Ecrit en avril 2015.

 

Cette nuit, j’étais encore un peu fébrile (le mal-a-dit n’a toujours pas guéri !), mon mari est parti à la salle de bain, je le sens revenir et se mettre dans le lit, j’étais dos à lui, alors je me recule un peu pour avoir un câlin, mais là j’ai beau me reculer, je ne sens rien de physique, pourtant j’ai bien senti le drap bouger…
je me tourne, et là petit frisson, je vois une petite fille collé à moi, trop contente !

Sauf que moi j’ai un peu peur sur le coup, alors je lui demande qui elle est, d’où elle vient, qu’est ce qu’elle veut…
“Rien je veux juste un câlin avec Maman, en attendant que papa revienne”.
Tiens, une petite nouvelle dans ma grande famille !
Elle est vraiment mignonne, petite brunette aux yeux noisette, grand sourire avec quelques dents manquantes !

Puis elle me dit, “je suis aussi là car Maman est malade, et qu’il faut l’aimer”
J’ai de gros frissons, les larmes aux yeux.

Hier soir avant de me coucher, j’ai eu une discussion avec mon frère, et il m’a dit (après une longue discussion sur la maladie): “le bon plan avec la fièvre, c’est qu’elle te fait oublier tout ce qui n’est pas important, et que tu t’en fou de tout, tu lâches prise même si à la base tu ne le veux pas.”
Et là avec cette petite collée contre moi, je lâchais prise, mais en plus je me remplissais d’amour.

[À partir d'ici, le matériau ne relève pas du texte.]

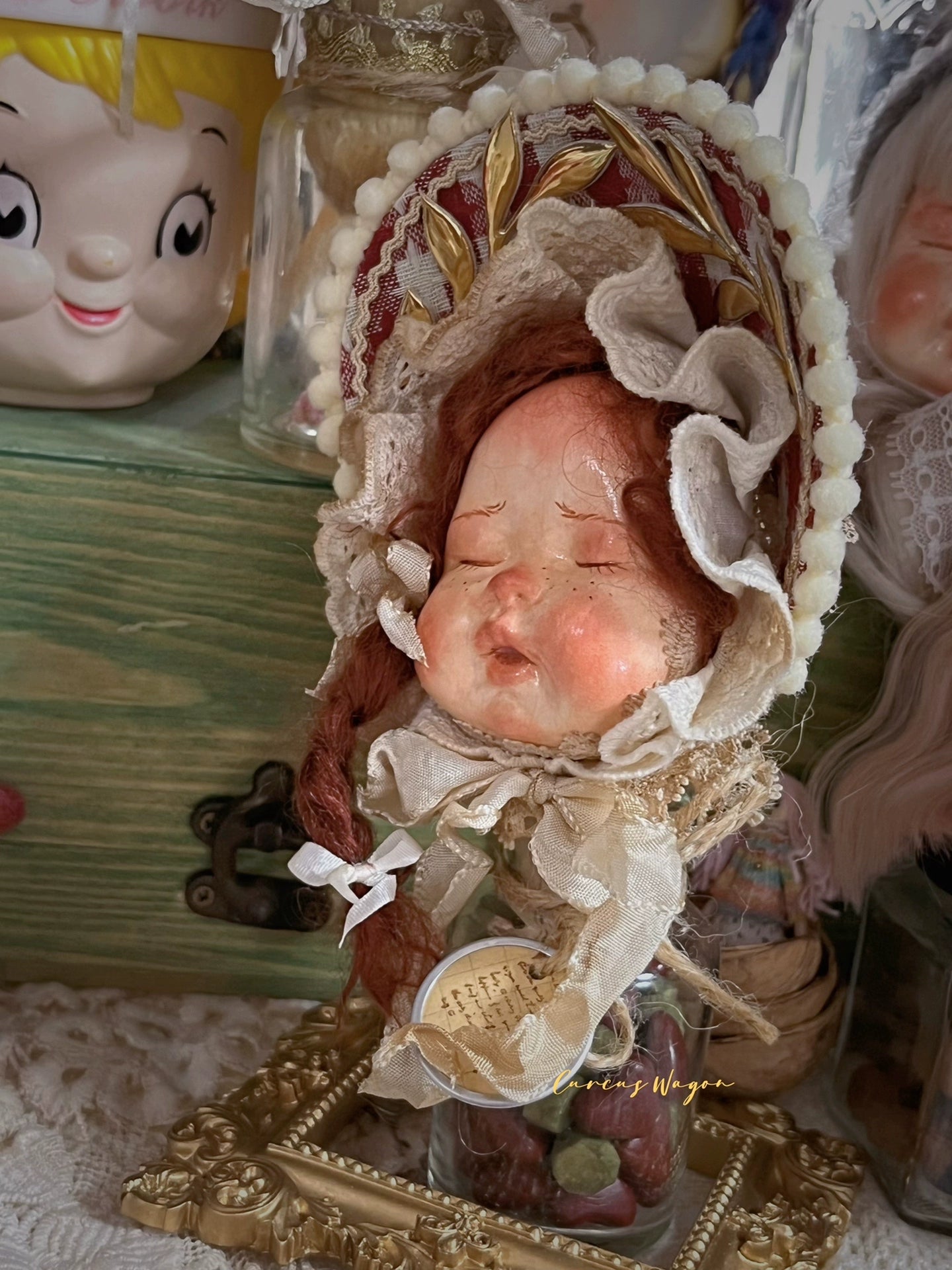 Botella de almacenamiento única con forma de cabeza de muñeca y capota extraíble. Los materiales teñidos a mano muestran un efecto envejecido intencionado.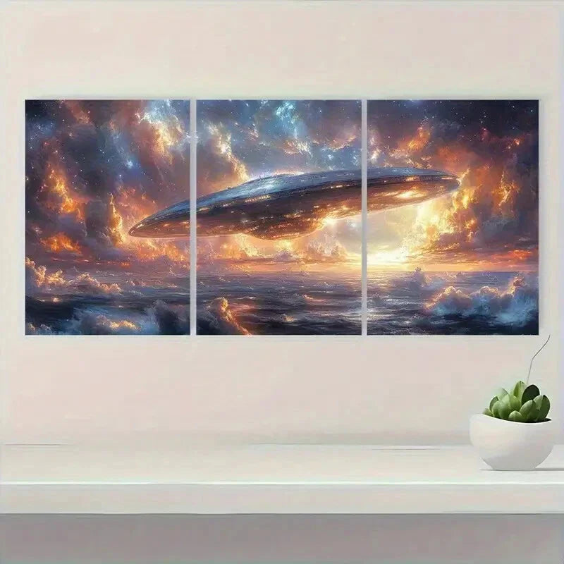 3pcs Alien Spacecraft Vibrant Cosmic Metal Print Ready to Hang Art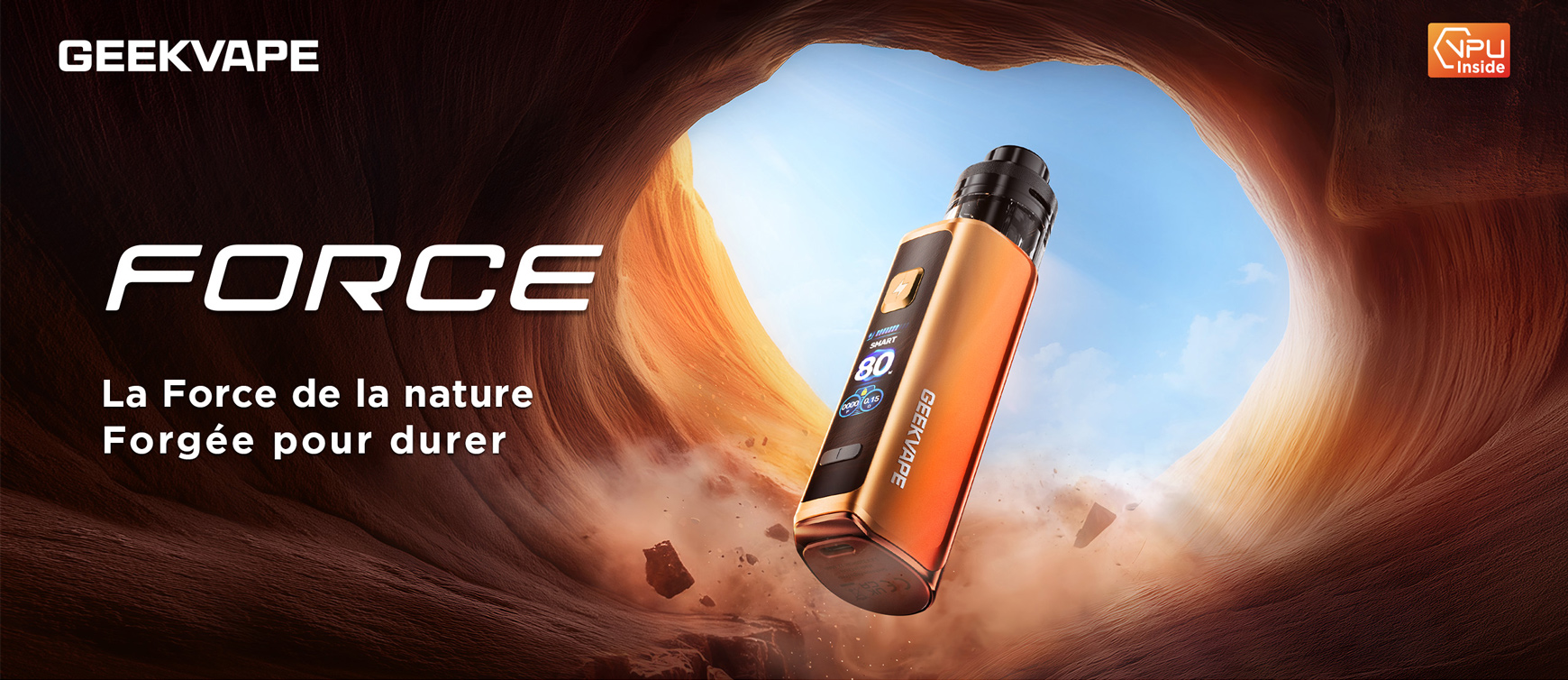 Le Kit Force de Geekvape est un pod robuste et polyvalent, doté d’une batterie intégrée de 3200mAh et d’une puissance réglable de 5 à 80W. Compatible DTL et MTL grâce à deux drip tips, il offre des résistances de 0.15 à 1.2 ohm et une cartouche de 5ml. Son écran TFT 0,96", ses modes Smart/Power et sa recharge USB-C 5V/2A en font un kit performant et pratique au quotidien.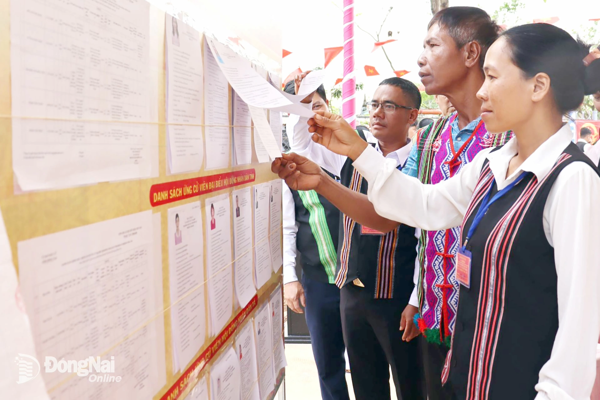 Đông đảo đồng bào dân tộc thiểu số xã Bom Bo tìm hiểu tiểu sử, quá trình công tác của ứng cử viên trước ngày bầu cử. Ảnh: Nguyệt Hà
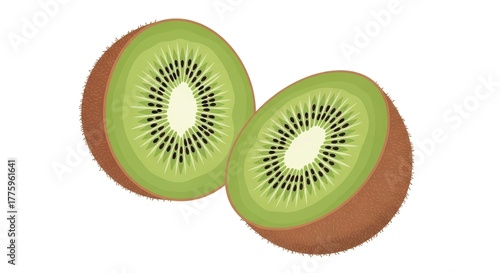 © Lukyzawa, Obraz premium Freshly cut kiwi fruit halves, showcasing vibrant green flesh and seeds.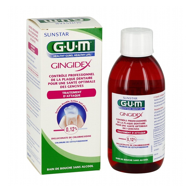 Une bonne hygiène bucco-dentaire constitue la meilleure prévention contre la gingivite et la formation de plaque dentaire. Le brossage des dents et l’utilisation d’un fil dentaire s’avèrent essentiels pour une hygiène optimale, mais cela demeure insuffisant : le bain de bouche de prévention quotidienne GUM® Gingidex® 0,06 % est idéal pour prévenir l’accumulation de la plaque dentaire et fournir une protection durable contre les problèmes de gencives. Il élimine les premiers signes de sensibilité des gencives et de gingivite et prévient la récurrence des maladies gingivales. Sans alcool, il peut s’utiliser tous les jours.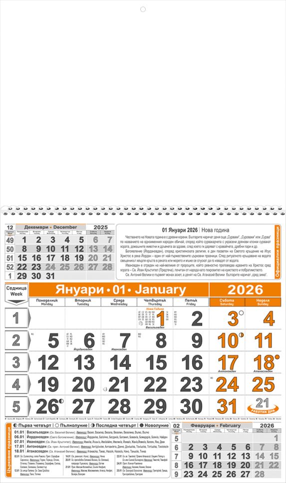 Стенен работен календар КС 1, 1секц оранж/чер, с ивица

D’amour inconditionnel, celui d’une mère.
Elle s’appelait Sophie.

Mon mari est revenu de la salle de bain, Sophie est partie, puis je me suis rendormie, sereine et pleine de jolies pensées.

Au réveil ce matin, j’étais moins malade, j’ai réussi à comprendre dans la nuit d’où venait les maux (j’en ferai une vidéo), et j’ai retrouvé une petite partie du “grand moi”.

Les fantômes peuvent faire peur, mais si l’on dépasse cette barrière, ils deviennent de merveilleux confidents, et porteurs de leçons.